Content starts
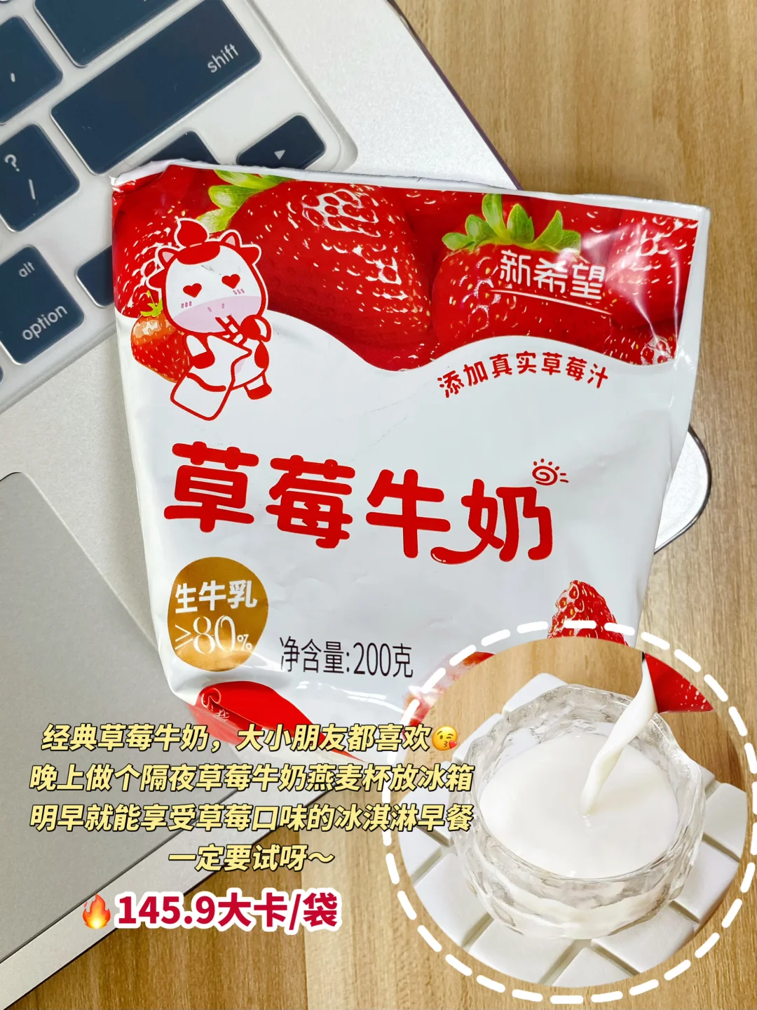🍓草莓牛奶:经典草莓牛奶,大小朋友都喜欢。晚上做个草莓牛奶燕麦杯,隔天的早餐真的是有颜又有甜。
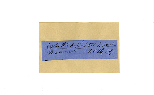 ink on blue paper glued on card
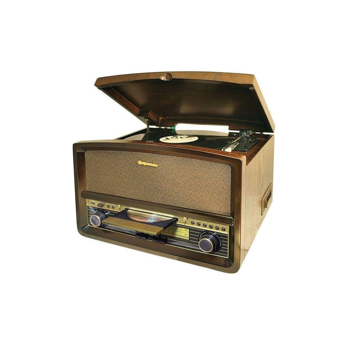 - Function Selector: Switches between Turntable, CD, Radio, Cassette, and USB modes.
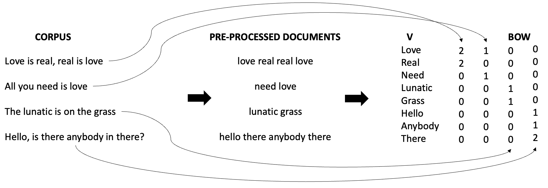 The figure below shows how a text is converted into a vector of word counts. Note that in this process, we usually remove some less meaningful works such as articles and prepositions, which are usually called “stop words”:
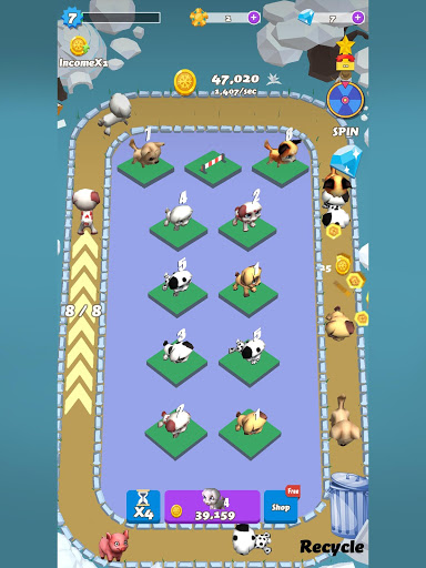Animals Paradise is a simulation place game. You mission in the game is to raise lovely animals and merge the same two to unlock a new unknown animals. Come to tap and merge to create a paradise for the animals.
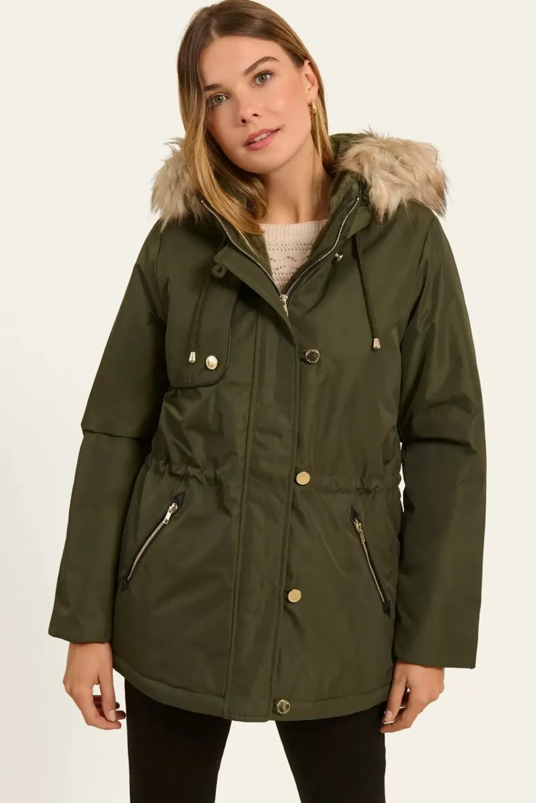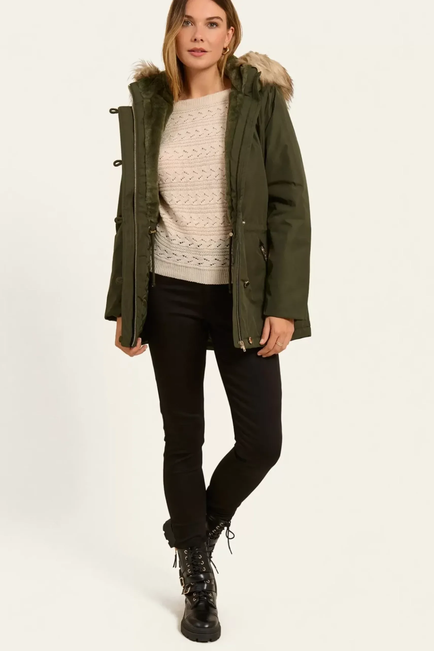 Cette parka à capuche allie chaleur et style, parfaite pour les jours frais.
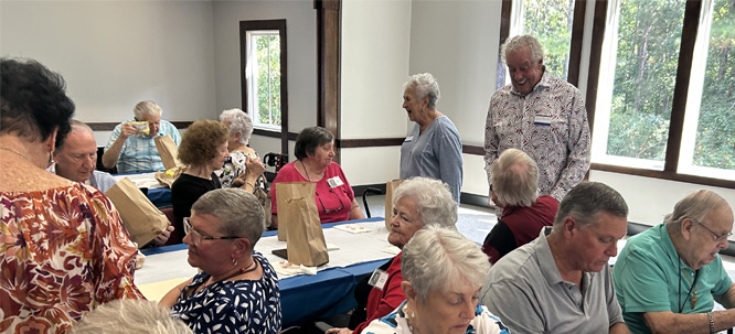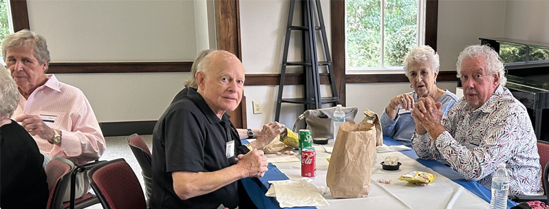| Our lunch was barbecue sandwich sack lunches from Wallace Barbecue. Allen and Mrs Arnold greet the group. Allen was our Chiropractor for many years and now we go to his son Tripp. |
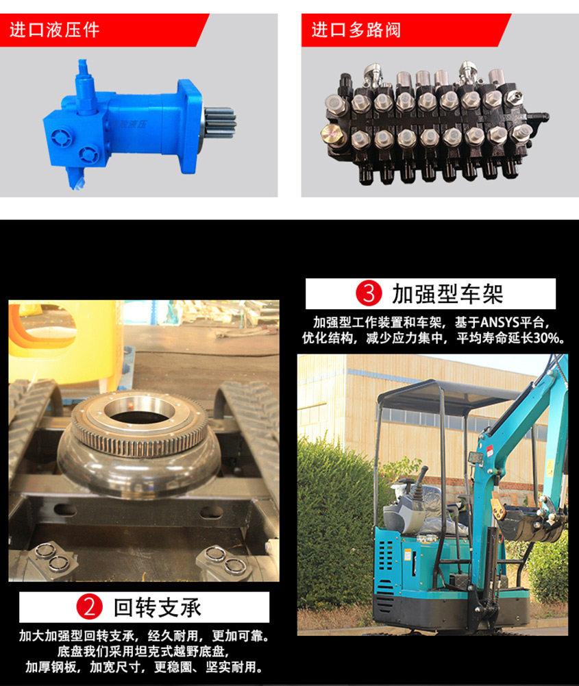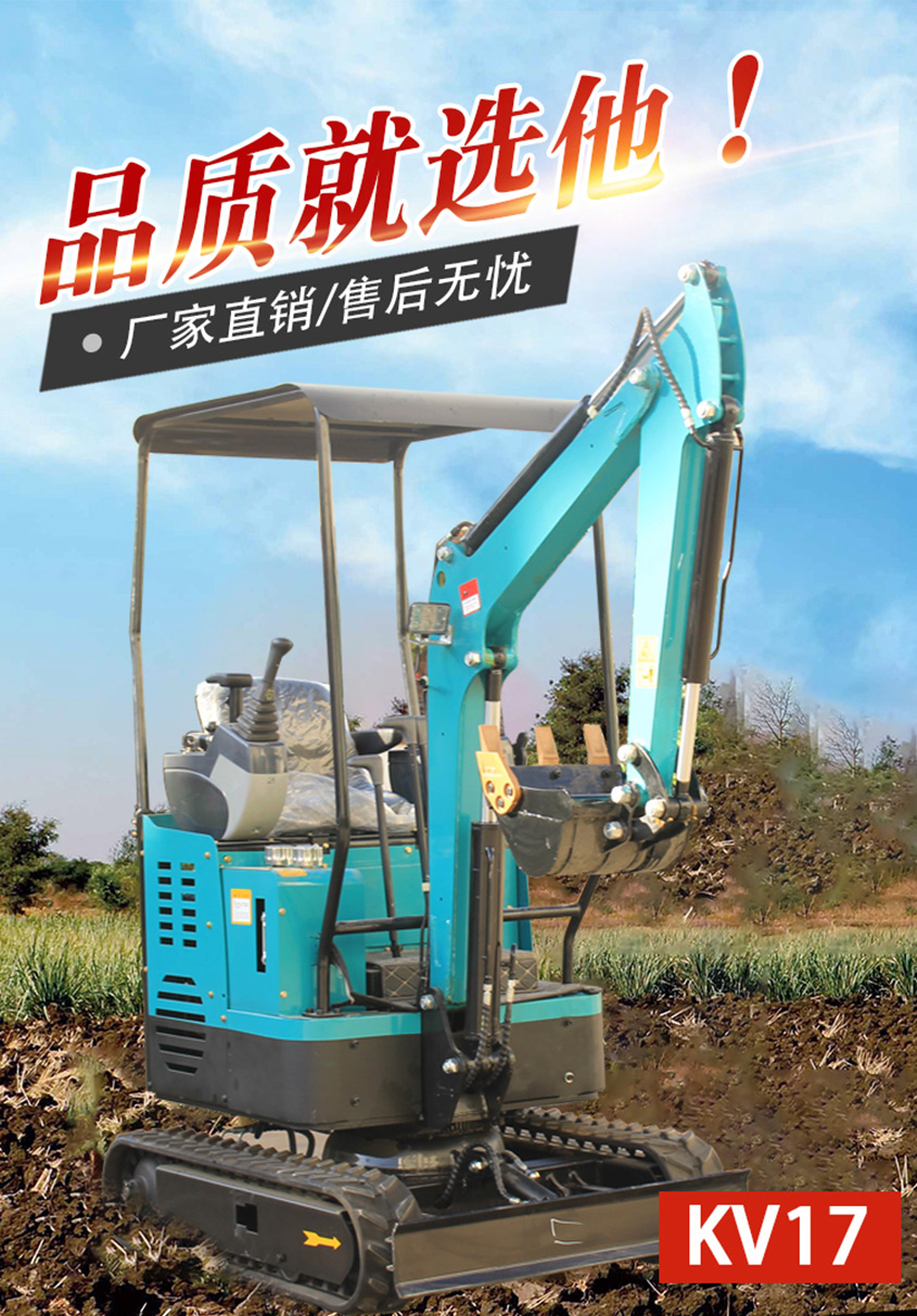 KV17小型挖掘機自主設計、外觀漂亮、配置高、性能優越、油耗低、作用范圍廣 ,適合蔬菜大棚的土地疏松,市政府部門的園林綠化、果園苗圃栽樹挖坑,混凝土路面破碎, 砂石料攪拌,空間狹小的施工作業等。適用快
Content ends
Task instructions ::
Please reproduce the entries above exactly, from their first line to the line holding "Cette parka à" inclusive, and nothing else; the pictures stay out.

Output ::
🍓草莓牛奶:经典草莓牛奶,大小朋友都喜欢。晚上做个草莓牛奶燕麦杯,隔天的早餐真的是有颜又有甜。
 ink on blue paper glued on card
 - Function Selector: Switches between Turntable, CD, Radio, Cassette, and USB modes.
 The figure below shows how a text is converted into a vector of word counts. Note that in this process, we usually remove some less meaningful works such as articles and prepositions, which are usually called “stop words”:
Animals Paradise is a simulation place game. You mission in the game is to raise lovely animals and merge the same two to unlock a new unknown animals. Come to tap and merge to create a paradise for the animals.
 Cette parka à capuche allie chaleur et style, parfaite pour les jours frais.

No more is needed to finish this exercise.